→ REQUIRED ACTION:
The listing below holds pictures; exclude them. Return exactly the lines from the one with "18金ホワイトゴールドを使用" through the one with "儀器的化學溶液配制、操作和C".

→ TASK INPUT:
===

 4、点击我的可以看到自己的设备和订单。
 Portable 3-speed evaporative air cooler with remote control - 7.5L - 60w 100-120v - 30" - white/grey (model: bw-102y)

===

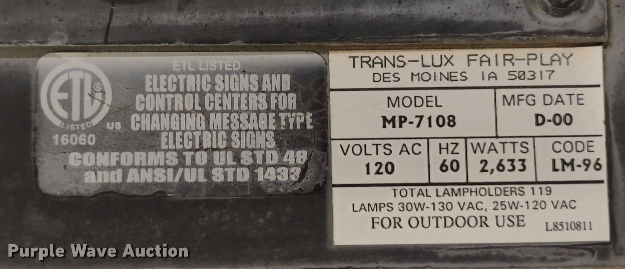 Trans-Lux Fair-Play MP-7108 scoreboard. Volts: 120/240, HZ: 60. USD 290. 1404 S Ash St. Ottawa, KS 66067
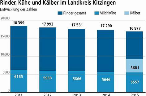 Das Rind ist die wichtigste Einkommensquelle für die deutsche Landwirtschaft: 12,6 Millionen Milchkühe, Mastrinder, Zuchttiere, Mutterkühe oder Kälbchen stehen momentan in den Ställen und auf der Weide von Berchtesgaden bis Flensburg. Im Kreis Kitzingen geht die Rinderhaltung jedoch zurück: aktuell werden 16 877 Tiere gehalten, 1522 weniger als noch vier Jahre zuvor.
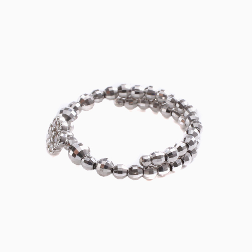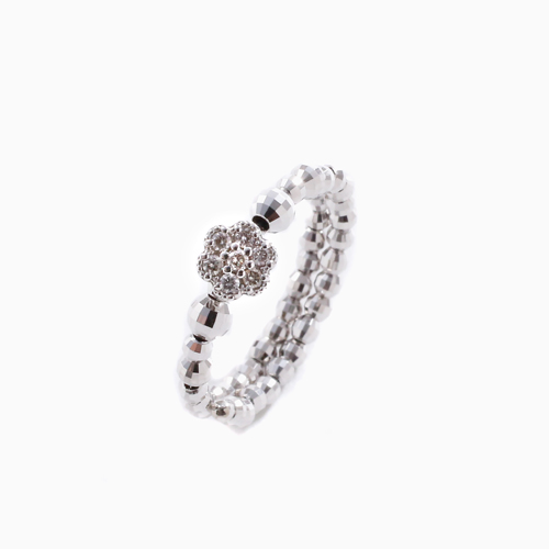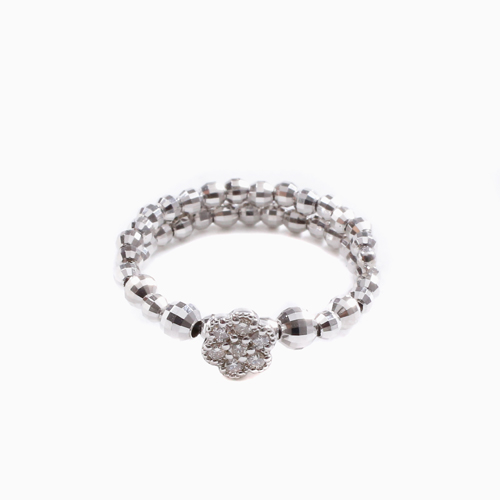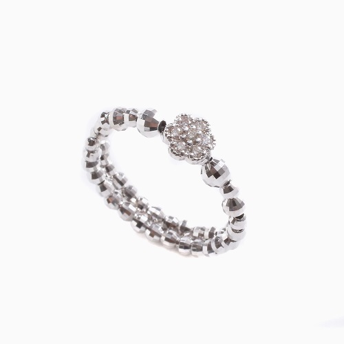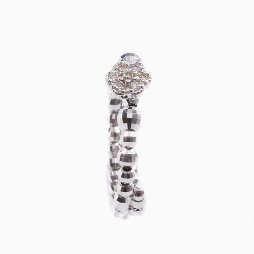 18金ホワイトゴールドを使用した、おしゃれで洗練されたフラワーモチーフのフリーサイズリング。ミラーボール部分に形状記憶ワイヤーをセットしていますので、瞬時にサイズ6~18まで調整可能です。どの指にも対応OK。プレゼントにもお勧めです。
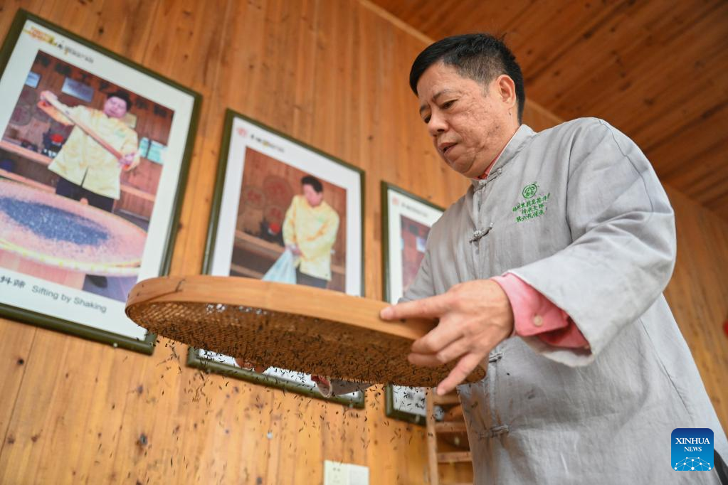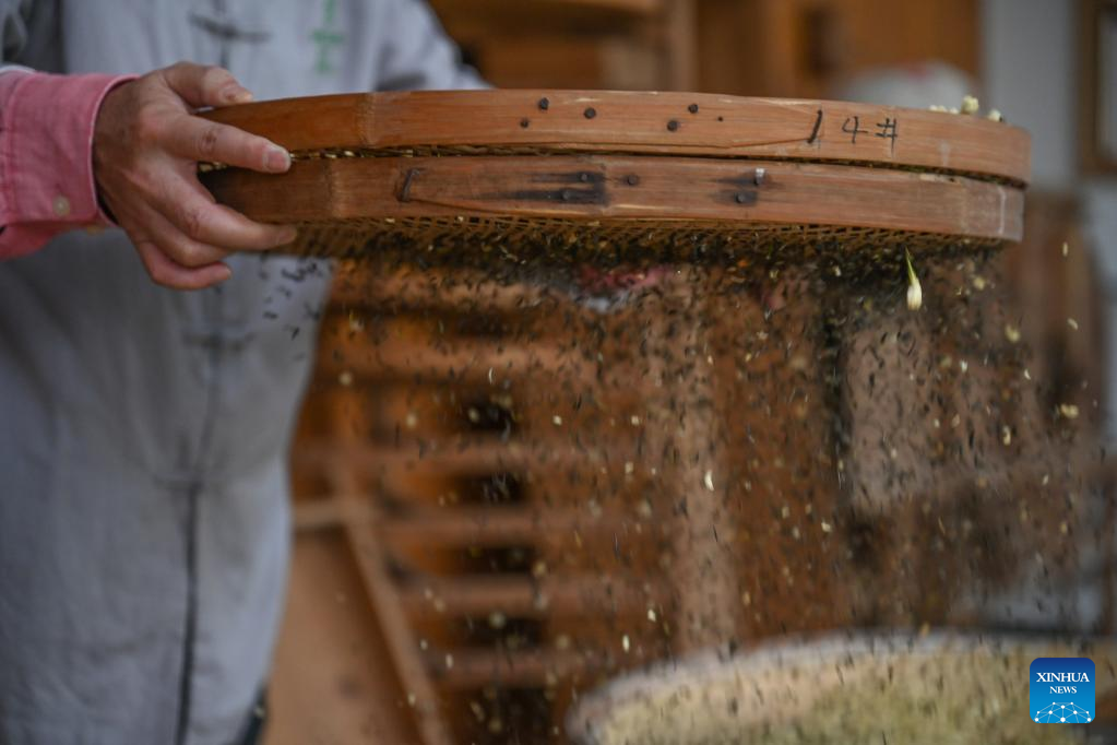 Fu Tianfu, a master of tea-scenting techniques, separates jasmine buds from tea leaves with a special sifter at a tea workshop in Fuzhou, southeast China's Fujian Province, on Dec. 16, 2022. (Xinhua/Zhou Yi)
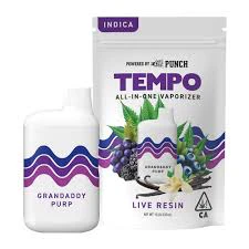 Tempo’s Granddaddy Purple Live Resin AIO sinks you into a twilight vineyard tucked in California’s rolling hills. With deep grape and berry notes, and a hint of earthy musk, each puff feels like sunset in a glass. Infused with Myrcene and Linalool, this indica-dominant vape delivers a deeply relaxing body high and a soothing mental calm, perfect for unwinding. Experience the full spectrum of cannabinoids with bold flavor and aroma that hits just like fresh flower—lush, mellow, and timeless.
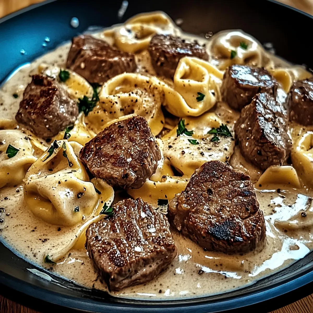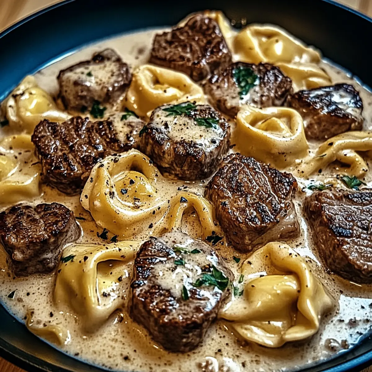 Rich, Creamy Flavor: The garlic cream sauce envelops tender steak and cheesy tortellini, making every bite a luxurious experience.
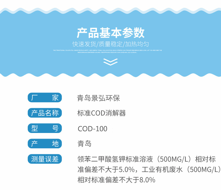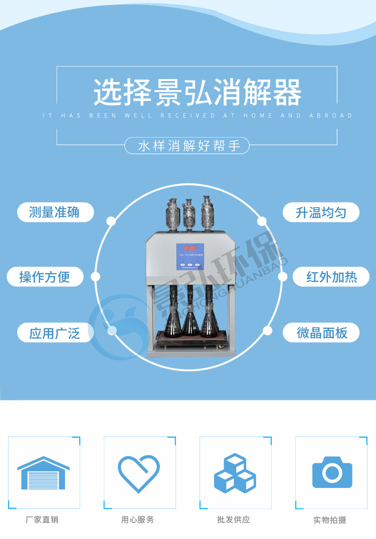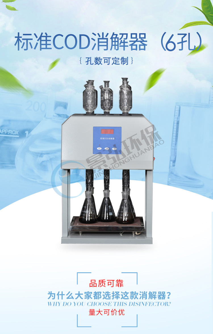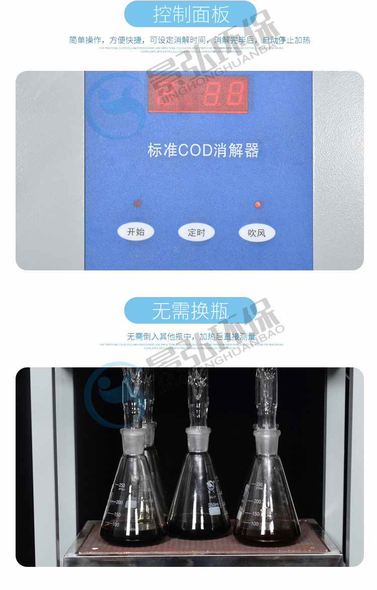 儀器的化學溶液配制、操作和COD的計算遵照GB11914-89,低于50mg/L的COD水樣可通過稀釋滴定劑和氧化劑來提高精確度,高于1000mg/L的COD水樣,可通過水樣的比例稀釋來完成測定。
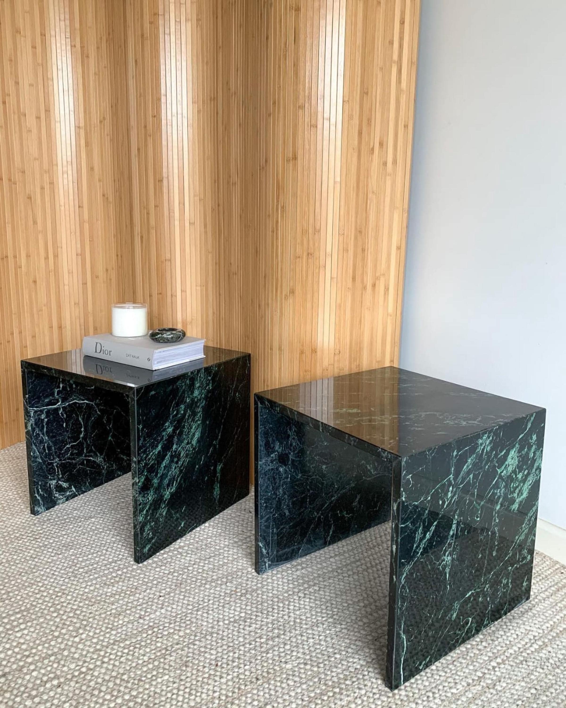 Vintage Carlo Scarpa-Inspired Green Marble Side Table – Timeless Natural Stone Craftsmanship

===

→ WRITTEN REPLY:
 18金ホワイトゴールドを使用した、おしゃれで洗練されたフラワーモチーフのフリーサイズリング。ミラーボール部分に形状記憶ワイヤーをセットしていますので、瞬時にサイズ6~18まで調整可能です。どの指にも対応OK。プレゼントにもお勧めです。
 Fu Tianfu, a master of tea-scenting techniques, separates jasmine buds from tea leaves with a special sifter at a tea workshop in Fuzhou, southeast China's Fujian Province, on Dec. 16, 2022. (Xinhua/Zhou Yi)
 Tempo’s Granddaddy Purple Live Resin AIO sinks you into a twilight vineyard tucked in California’s rolling hills. With deep grape and berry notes, and a hint of earthy musk, each puff feels like sunset in a glass. Infused with Myrcene and Linalool, this indica-dominant vape delivers a deeply relaxing body high and a soothing mental calm, perfect for unwinding. Experience the full spectrum of cannabinoids with bold flavor and aroma that hits just like fresh flower—lush, mellow, and timeless.
 Rich, Creamy Flavor: The garlic cream sauce envelops tender steak and cheesy tortellini, making every bite a luxurious experience.
 儀器的化學溶液配制、操作和COD的計算遵照GB11914-89,低于50mg/L的COD水樣可通過稀釋滴定劑和氧化劑來提高精確度,高于1000mg/L的COD水樣,可通過水樣的比例稀釋來完成測定。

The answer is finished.